WHAT TO DO: In the listing that follows, the range to quote begins at the line that has "Волгоградские продукты, сеть" and ends after the line that has "主官一定要牵引公司前进,领袖"; quote it verbatim and add nothing.

MATERIAL SUPPLIED:
========

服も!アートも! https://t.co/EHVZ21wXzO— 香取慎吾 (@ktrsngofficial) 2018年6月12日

========

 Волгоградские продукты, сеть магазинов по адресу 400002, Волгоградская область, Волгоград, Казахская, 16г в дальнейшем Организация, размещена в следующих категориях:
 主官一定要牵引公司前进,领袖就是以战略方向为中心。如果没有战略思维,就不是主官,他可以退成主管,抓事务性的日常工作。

========

REPLY:
 Волгоградские продукты, сеть магазинов по адресу 400002, Волгоградская область, Волгоград, Казахская, 16г в дальнейшем Организация, размещена в следующих категориях:
 主官一定要牵引公司前进,领袖就是以战略方向为中心。如果没有战略思维,就不是主官,他可以退成主管,抓事务性的日常工作。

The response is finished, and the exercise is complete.